The AFTDA strives to make sure announcers do not:

  • give away jammer position
  • coach from the mic
  • talk about a strategy that a team is about to try

Good announcing should have nothing but a positive impact on the bout. Educate and entertain, that’s my motto. Bad announcing can get you punched at the after party!

The AFTDA has a Board of Directors (BOD, I told you there are tons of acronyms). the BOD is made up of our Regional Representatives including the Eastern Rep, Boston Derby Dames very own Pelvis Costello.

I have known Pelvis for quite some time now, and I have to say he is one of my AFTDA derby announcing heroes. He is very witty and I dare say the master of pop culture references. He is also very knowledgeable about the sport. He was so very understanding and patient with me as I learned the ropes at my first WFTDA Regionals last year.

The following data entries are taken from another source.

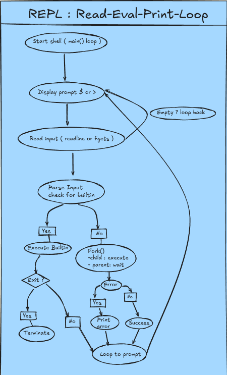 we aren’t making an crazy shell with plugins and configs and all we are making an MVP to learn concepts and all so we will keep things minimal, here we will make an basic plan of our shell what all it should have as as MVP , this of it as an overview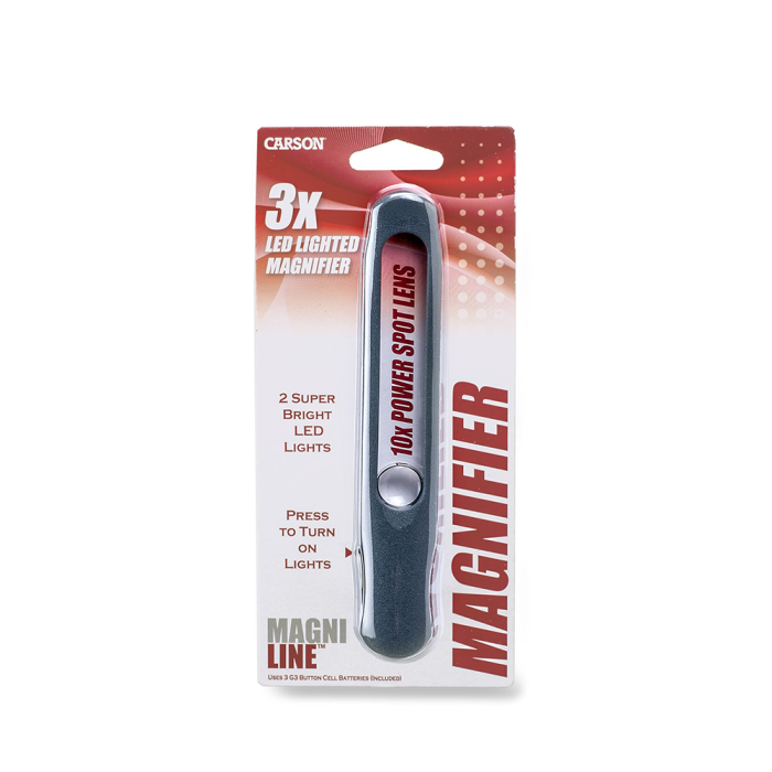 Cette règle de lecture est un outil indispensable pour tous ceux qui lisent souvent des livres, journaux ou magazines, chez eux ou en déplacement. Même en faible lumière, la Carson MagniLine reste votre alliée grâce à son puissant éclairage LED. Pour utiliser la LED, il suffit d’insérer les 3 piles LR41 fournies dans le compartiment à l’arrière de la poignée.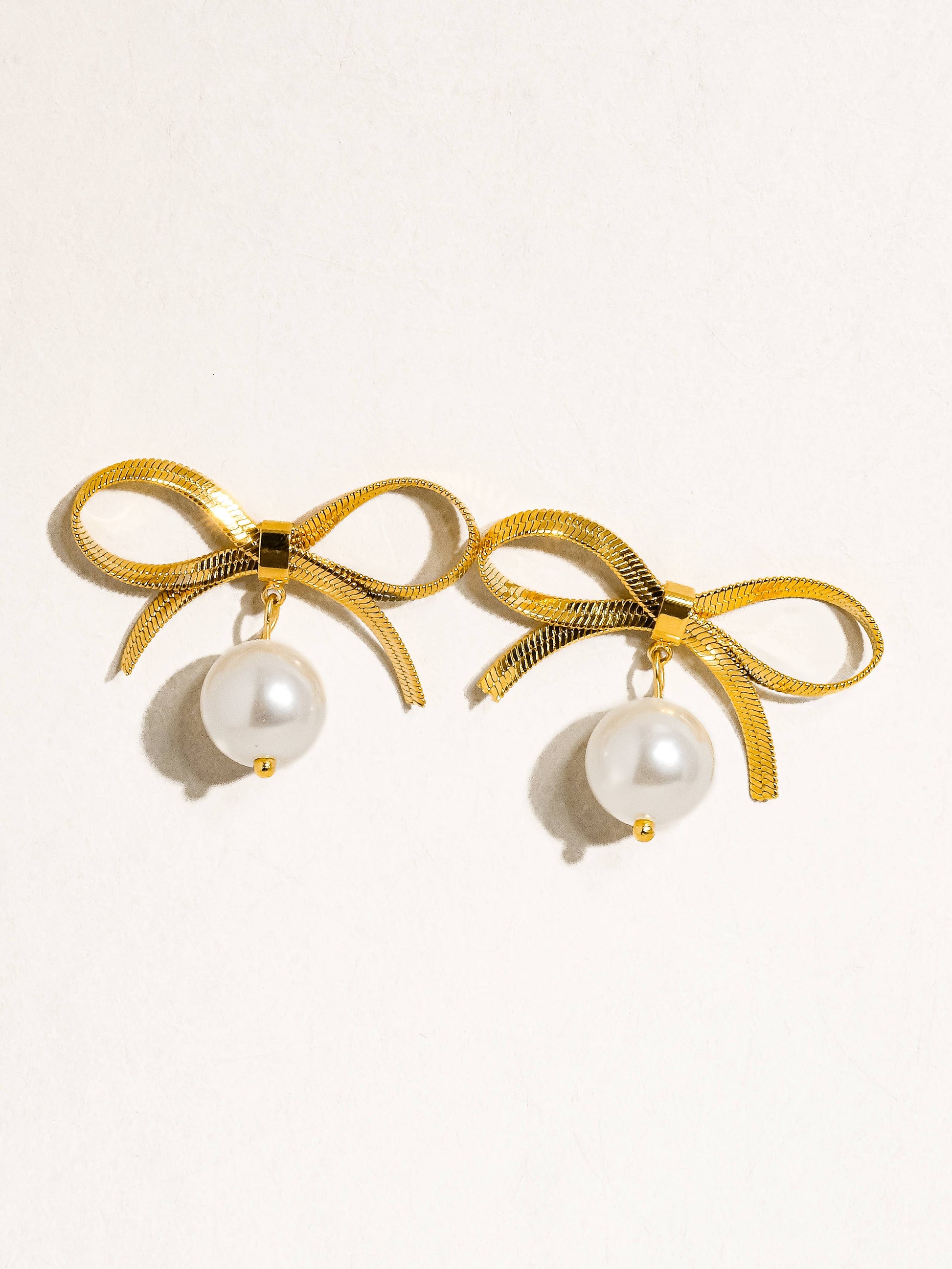 18K Gold Non-Tarnish Bow Dangle Pearl Earring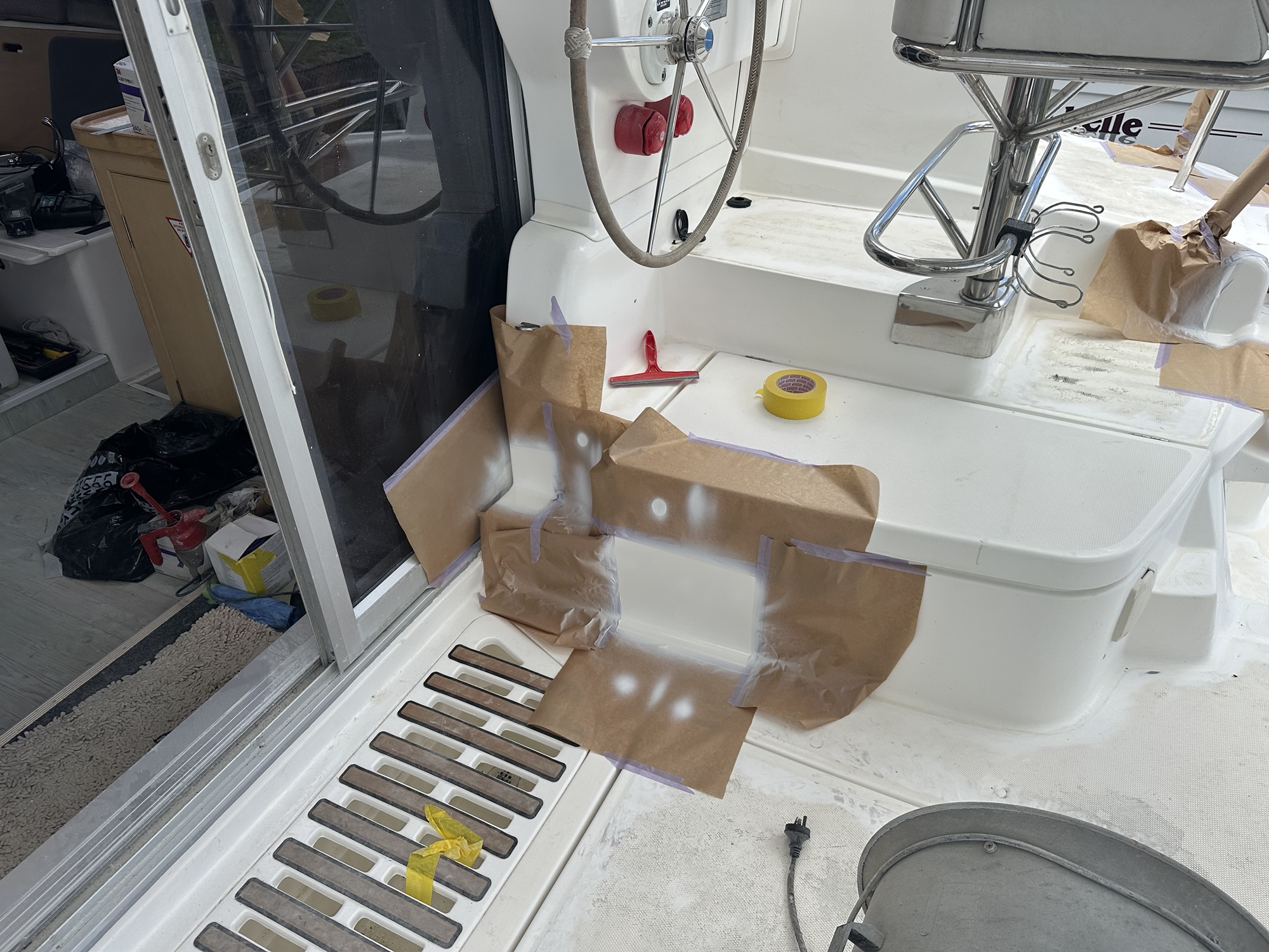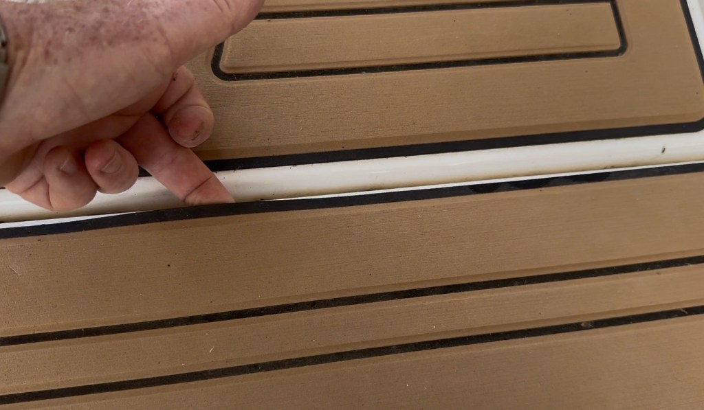The second issue discovered after the U-deck was removed was that the glue had stained the gelcoat. This became an issue when we decided to make the new U-deck panels slightly smaller to provide larger channels for water to run overboard.

Working with one of her annoucer idols, Mr.
Jake Steel of the LIRR at ESS 2010.
Another one of my AFTDA announcing heroes is Long Island's Jake Steel.  He has been with LIRR (Last one, I promise.) since they first started up. I am proud to say the majority of my clever derby lines come from this man. He single handedly wrangles all of the announcing for the Empire Skate Showdown, New York’s roller derby tournament. That’s a lot of work and don't think we don't appreciate you for it Mr. Steel!

I have a very long list of announcing heroes so I won't subject you to all of them. But please keep in mind the next time you are at a bout and there is a good announcer who is speaking clearly, explaining the rules, is witty and doesn’t piss off the skaters. That might not be your average run of the mill announcer calling that play by play. You might be in the presence of an AFTDA certified announcer!

See you track side!

Ida Feltersnatch
Certified AFTDA Announcer
Ida on AFTDA
Ida on Facebook


  1. Blatant blog link alert! (if it's even allowed)
    I posted an interview with Reverend Al about AFTDA and how difficult it is to be neutral on the mic.
    Besides my general stage fright, I think not telling the skaters whats going on would be the hardest part, that and thinking of an announcer name. I think Ida's is one of the best actually.

  2. Mizz CommunicationAugust 18, 2011 at 1:22 PM

    And she writes too. Is there anything you can't do, Miss Ida?